Chastened, the NKVD man and chief engineer—Pah, that was a laugh!—of the Functional Projects Bureau quit bustling around and hovering at the shoulders of his senior men. He opened and closed the cover of his flexipad a number of times before setting it down on a steel workbench and shuffling over to stand beside Stalin.

“There is nothing left to do but wait,” he said.

“Then we shall wait,” replied the Vozdh.

The final countdown was strangely disappointing. A disembodied voice on the public address system took them through the last few seconds: “Three … two … one … launch …” But of course there were no rockets to roar or shake the earth beneath their feet.

“How long?” asked Stalin.

Beria seemed unnaturally pleased to have a question he could answer promptly. “Less than two minutes,” he said with confidence. “These are the small, tactical rods we are testing today. They will launch from low orbit and accelerate to nine thousand meters per second.”

Stalin scowled at him, stealing some of that confidence away. “And we are safe here in this bunker?”

“Oh yes,” said Beria, with apparent relief. “We would not dare test the largest of the rods like this. They are designed to reduce mountains, such as this, to smoking craters.”

“Like Tunguska?”

Beria hesitated, as though it were a trick question. Which in a way it was. The scientists and engineers—real scientists and real engineers, unlike Beria—had briefed him well at the start of this project. They had to. It was a massive investment of the state’s resources, and one that drew money and men away from one of Stalin’s pet projects: the electronic storage of human memory and consciousness. His gaze faltered for a moment, slipping away from Beria to stare at the back of his old, liver-spotted hands again.

“Vozdh?”

“Pah! Do not bother,” Stalin told him, worried that his mind had wandered again. “I know about Tunguska. I know how it was different. The rock from space—a giant snowball, they told me—it exploded in the air. These rods will not.”

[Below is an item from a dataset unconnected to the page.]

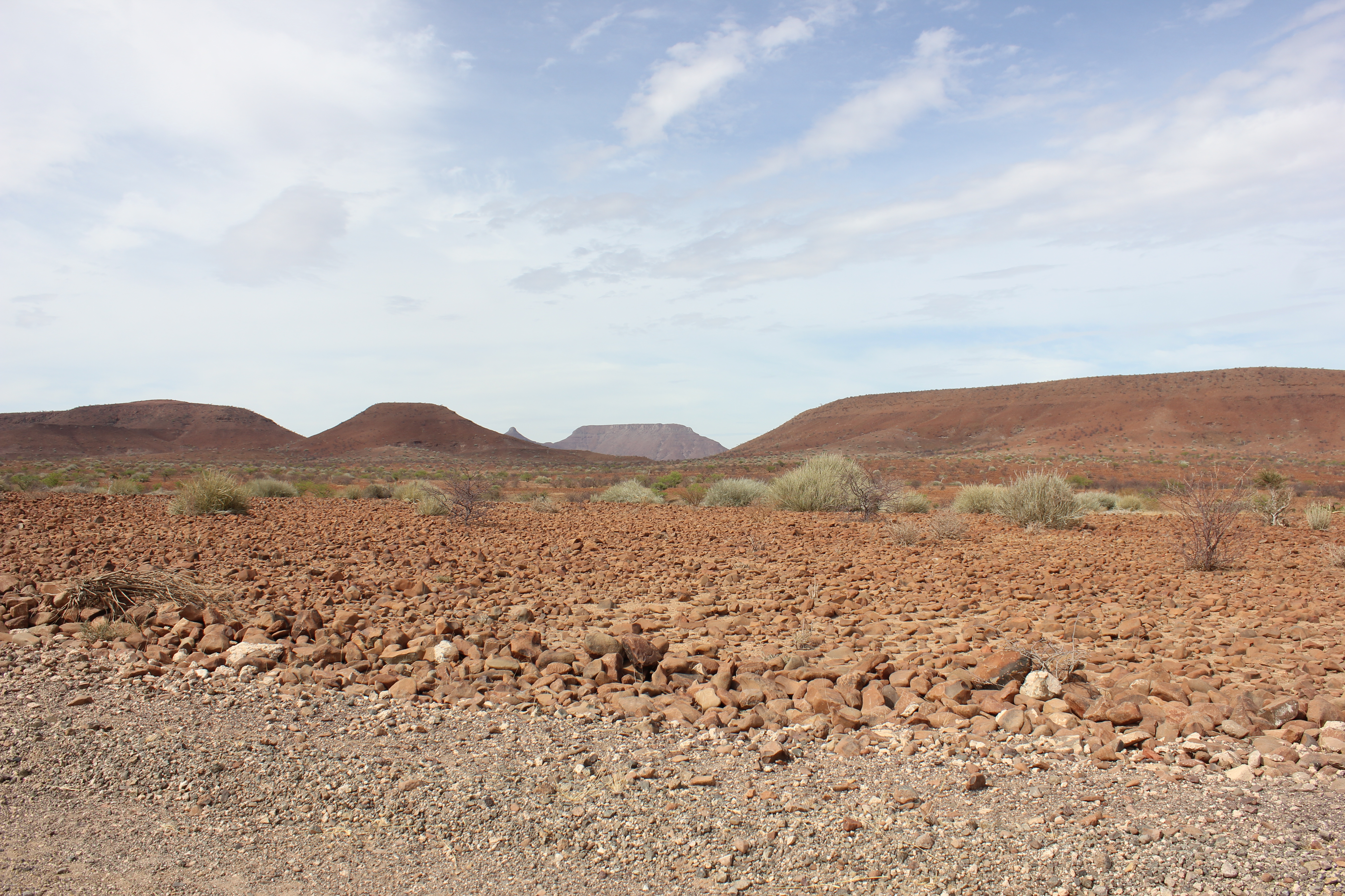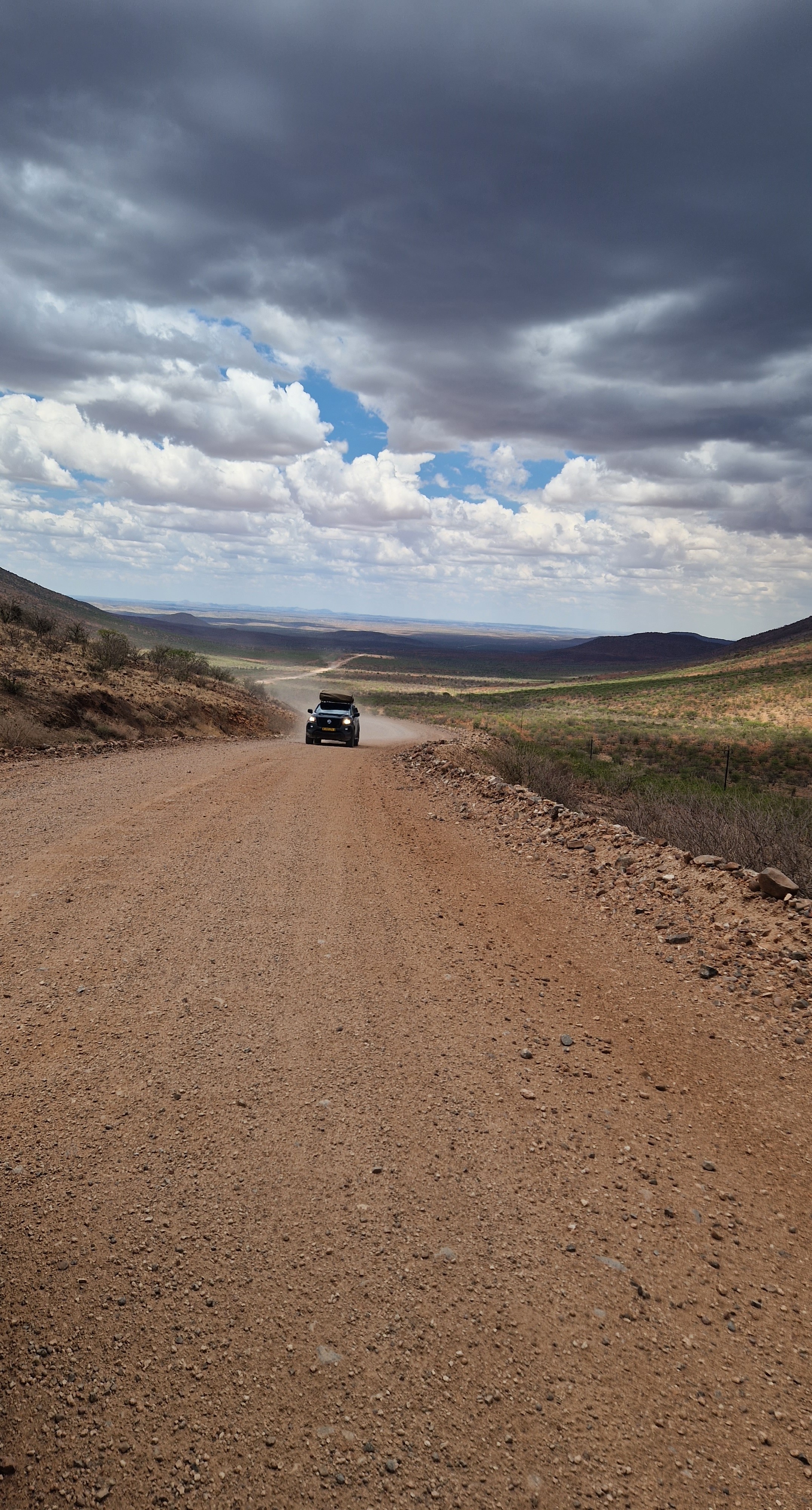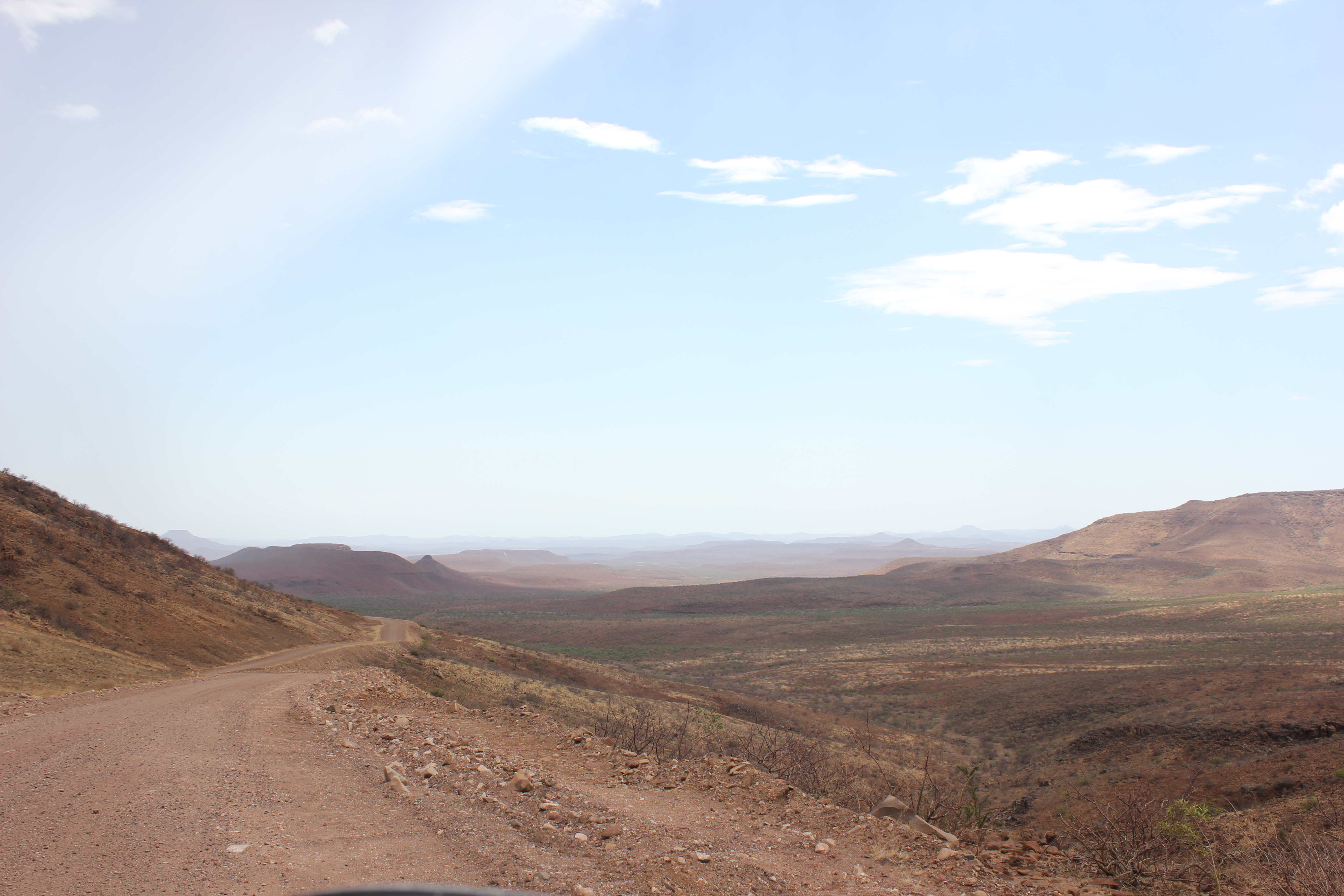 Un peu pris de court par le défilement du temps qui n’est pas tout à fait le même lorsque l’on passe un bon moment, il faut tout de même se résigner et remonter dans nos véhicules, au risque d’arriver trop tardivement à Palmwag. Le convoi se remet en route, bien décidé à veiller à ce qu’il n’y ai aucun contretemps 🙂 Et avec une grande hâte, c’est de retrouver Palmwag! La route devient comme dans notre mémoire, de plus en plus belle, impressionnante, intimidante même. Nous ne croisons presque pas de véhicules, la vue au devant de nous est sur des dizaines de kilomètres, grand beau temps, musique à fond, le bonheur! Nous aurons effectivement une petite frayeur avec une personne au milieu de la piste se faisant passer pour un travailleur, tentant sa chance pour entrer dans le véhicule, mais en montrant bien qu’il n’y avait aucune possibilité que nous nous arrêtions, appels de phare et klaxon, le pirate ne se sera pas essayé plus que cela à nous rouler. Cela reste une situation un peu stressante, il est vrai, mais au final anecdotique dans notre quotidien. L’autre confirmation c’est la beauté de Grootberg Pass, de toute beauté, qui annonce l’arrivée dans cet univers rocailleux et intimidant qu’est la région de Palmwag.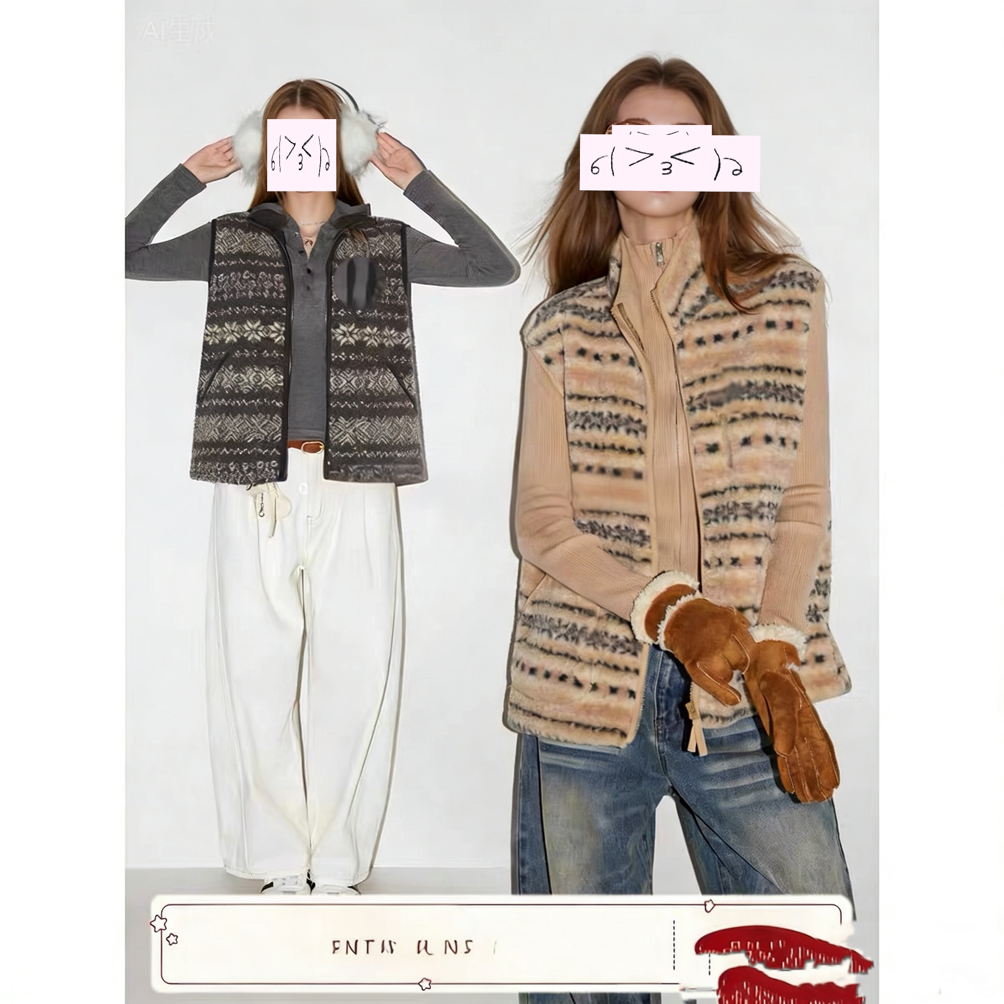 MoodBerry American Vintage Fair Island Patterned Fleece Vest Women's Fall and Winter Lazy Casual Stand Collar Layered Vest

“No,” said Beria. “Look …” He bent his knees and leaned forward, pointing toward the viewing aperture, even though the giant screens hanging above it afforded a grand, God-like view of the entire valley.

The dictator peered out through the armored-glass slit but found himself watching the screens too. They had split into windows to display the video feeds from a dozen cameras scattered up and down the valley. None of the hundreds of tanks, trucks, and APCs out there were moving; they sat baking under the late-summer sun. Stalin opened his mouth to say something when he thought he spotted a flight of birds sweeping across the scene, but before he could form the words, bright white streaks of light speared down from the sky. He saw the flash of impact through the glass just a moment before the very planet heaved and rumbled in shock. His mouth dropped open in surprise as the roaring noise of impact and detonation reached deep inside the bunker.

There was little and less to see on the screens, which didn’t so much blank out as “white out.” He squinted involuntarily before turning his attention back to the viewing port. Beria too had bent over again to look through it, as other men and women, some in uniform and some in coveralls and lab coats, did the same. A few flinched away as an enormous fireball raced up the valley toward them. Stalin thought he could make out the pressure wave that preceded it, flattening the sea of grass and a few small saplings that stood between the foot of the mountain bunker and the point of impact.

Then heavy steel shutters slammed down, blocking off even that view. A few people jumped. But not the supreme leader of the Soviet people. He closed his eyes and imagined the sun, warm on his face, and bright even through his eyelids.